Problem description: Nothing in the copy should be a picture; everything else in the listing is to be restated exactly.
___ Dataset excerpt ___
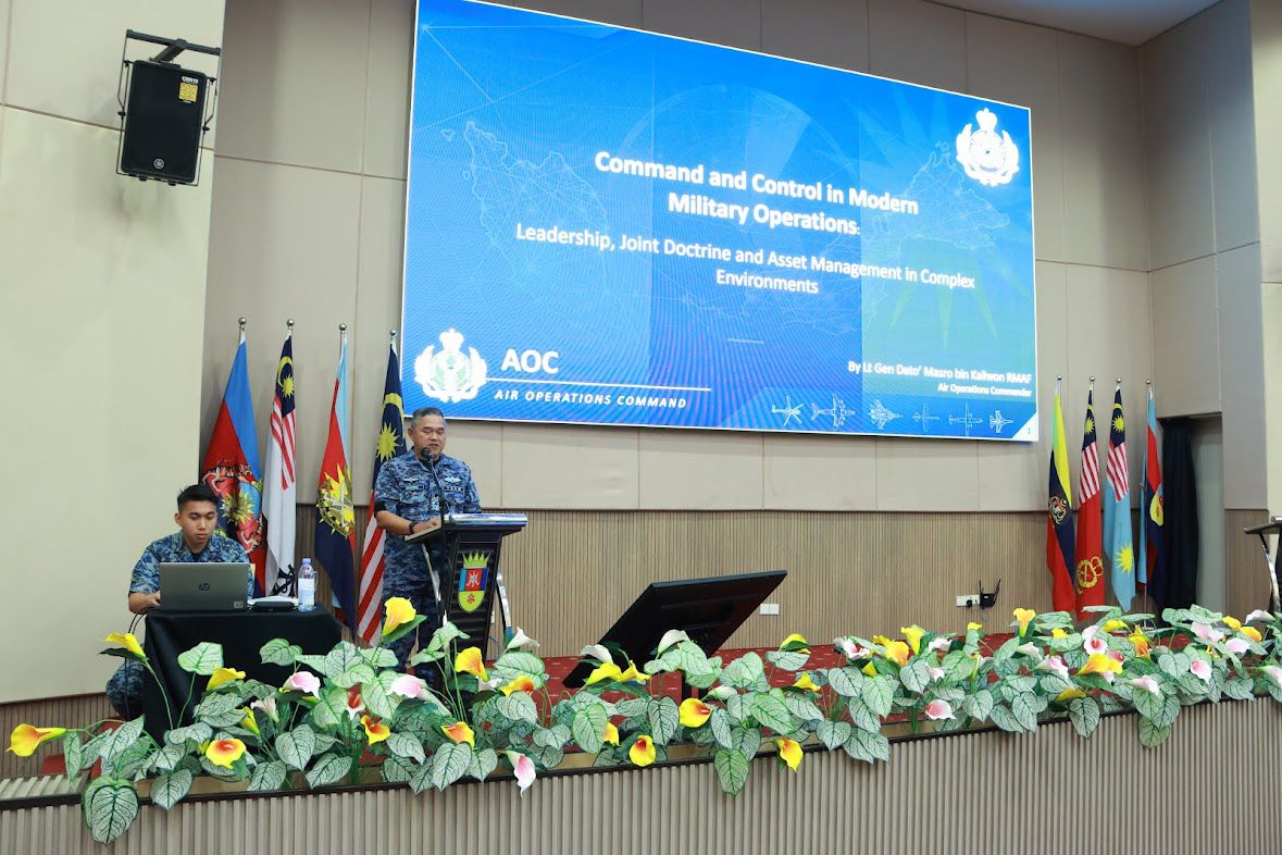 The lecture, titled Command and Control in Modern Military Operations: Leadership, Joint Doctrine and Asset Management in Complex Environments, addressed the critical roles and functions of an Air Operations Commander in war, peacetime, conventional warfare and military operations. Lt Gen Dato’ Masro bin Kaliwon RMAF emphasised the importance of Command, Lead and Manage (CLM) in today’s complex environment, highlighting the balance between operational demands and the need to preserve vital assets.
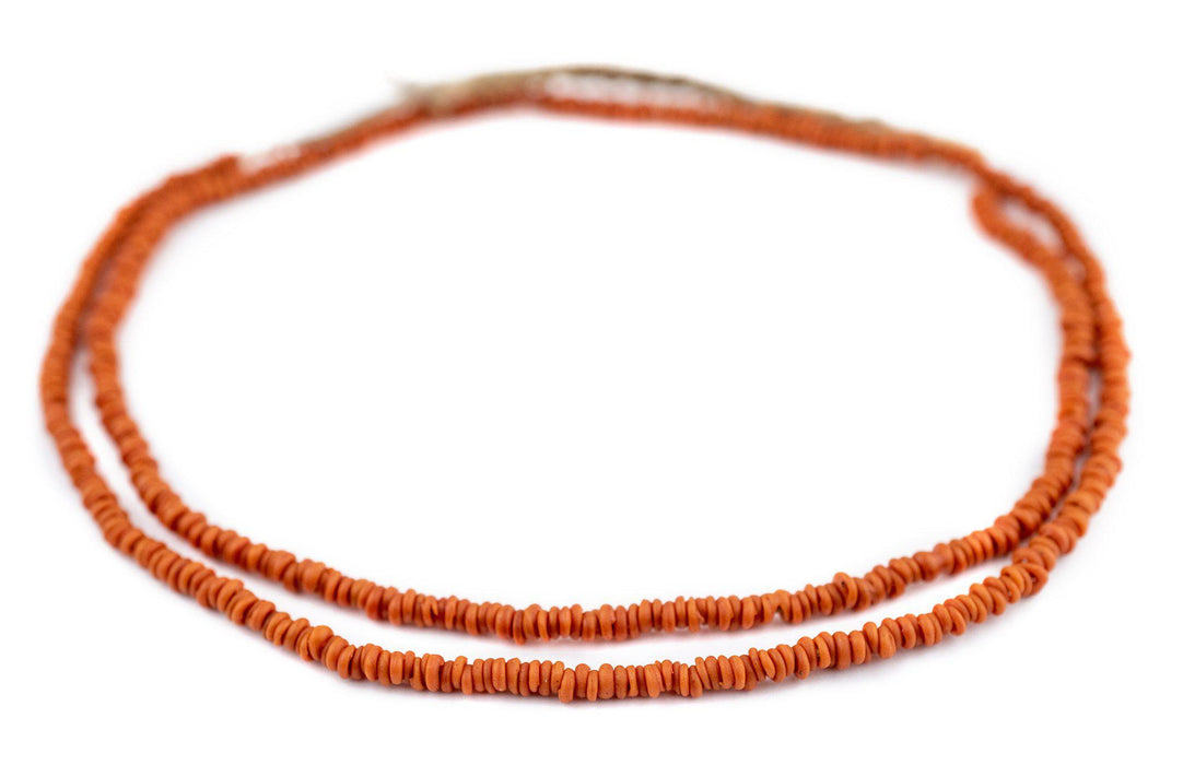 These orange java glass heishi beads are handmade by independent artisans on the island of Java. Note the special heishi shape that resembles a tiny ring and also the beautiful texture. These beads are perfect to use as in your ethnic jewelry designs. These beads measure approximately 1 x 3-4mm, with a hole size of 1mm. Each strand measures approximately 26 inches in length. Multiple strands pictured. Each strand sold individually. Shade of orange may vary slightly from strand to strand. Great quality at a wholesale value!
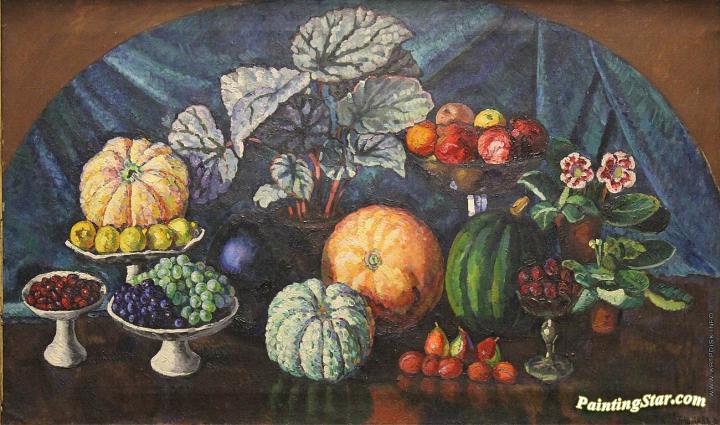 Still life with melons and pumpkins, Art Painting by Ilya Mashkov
___
Your solution:
 The lecture, titled Command and Control in Modern Military Operations: Leadership, Joint Doctrine and Asset Management in Complex Environments, addressed the critical roles and functions of an Air Operations Commander in war, peacetime, conventional warfare and military operations. Lt Gen Dato’ Masro bin Kaliwon RMAF emphasised the importance of Command, Lead and Manage (CLM) in today’s complex environment, highlighting the balance between operational demands and the need to preserve vital assets.
 These orange java glass heishi beads are handmade by independent artisans on the island of Java. Note the special heishi shape that resembles a tiny ring and also the beautiful texture. These beads are perfect to use as in your ethnic jewelry designs. These beads measure approximately 1 x 3-4mm, with a hole size of 1mm. Each strand measures approximately 26 inches in length. Multiple strands pictured. Each strand sold individually. Shade of orange may vary slightly from strand to strand. Great quality at a wholesale value!
 Still life with melons and pumpkins, Art Painting by Ilya Mashkov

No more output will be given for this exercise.